### RECORD SET

▼▼▼

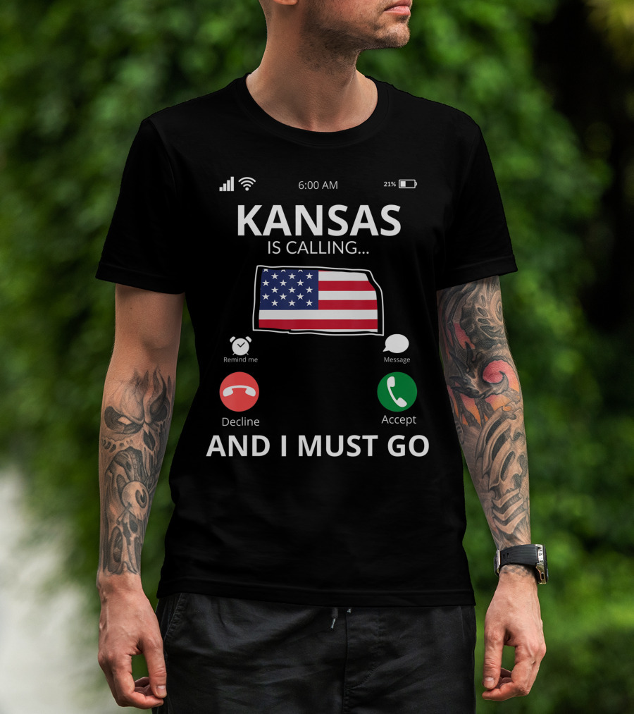 Kansas Is Calling And I Must Go Kansas Flag Mobile Screen T-Shirt
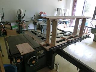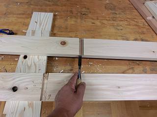 手押し鉋と自動鉋で材をそろえてから上下2カ所に溝を切って枠にする。
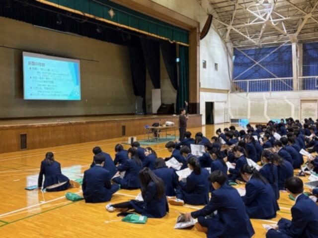 1年生の「総合的な探究の時間」では、地域課題や社会課題について、自分の考えをまとめて発表することを目標としています。本日の講演会を生かし、少しでも上手に文章をまとめることができればいいですね。
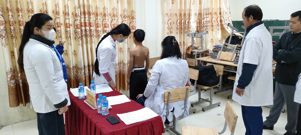 Các y bác sĩ trường Đại học Y Dược Hải Phòng khám sàng lọc vẹo cột sống cho các em học sinh
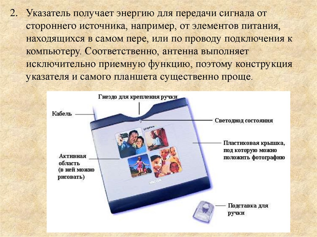 Принцип, лежащий в основе работы любого графическогопланшета, заключается в том, что специальное перо или ручной

▲▲▲

### PROBLEM REQUIREMENTS
Without the pictures, restate all the entries above exactly.

### ANSWER SECTION
 Kansas Is Calling And I Must Go Kansas Flag Mobile Screen T-Shirt
 手押し鉋と自動鉋で材をそろえてから上下2カ所に溝を切って枠にする。
 1年生の「総合的な探究の時間」では、地域課題や社会課題について、自分の考えをまとめて発表することを目標としています。本日の講演会を生かし、少しでも上手に文章をまとめることができればいいですね。
 Các y bác sĩ trường Đại học Y Dược Hải Phòng khám sàng lọc vẹo cột sống cho các em học sinh
 Принцип, лежащий в основе работы любого графическогопланшета, заключается в том, что специальное перо или ручной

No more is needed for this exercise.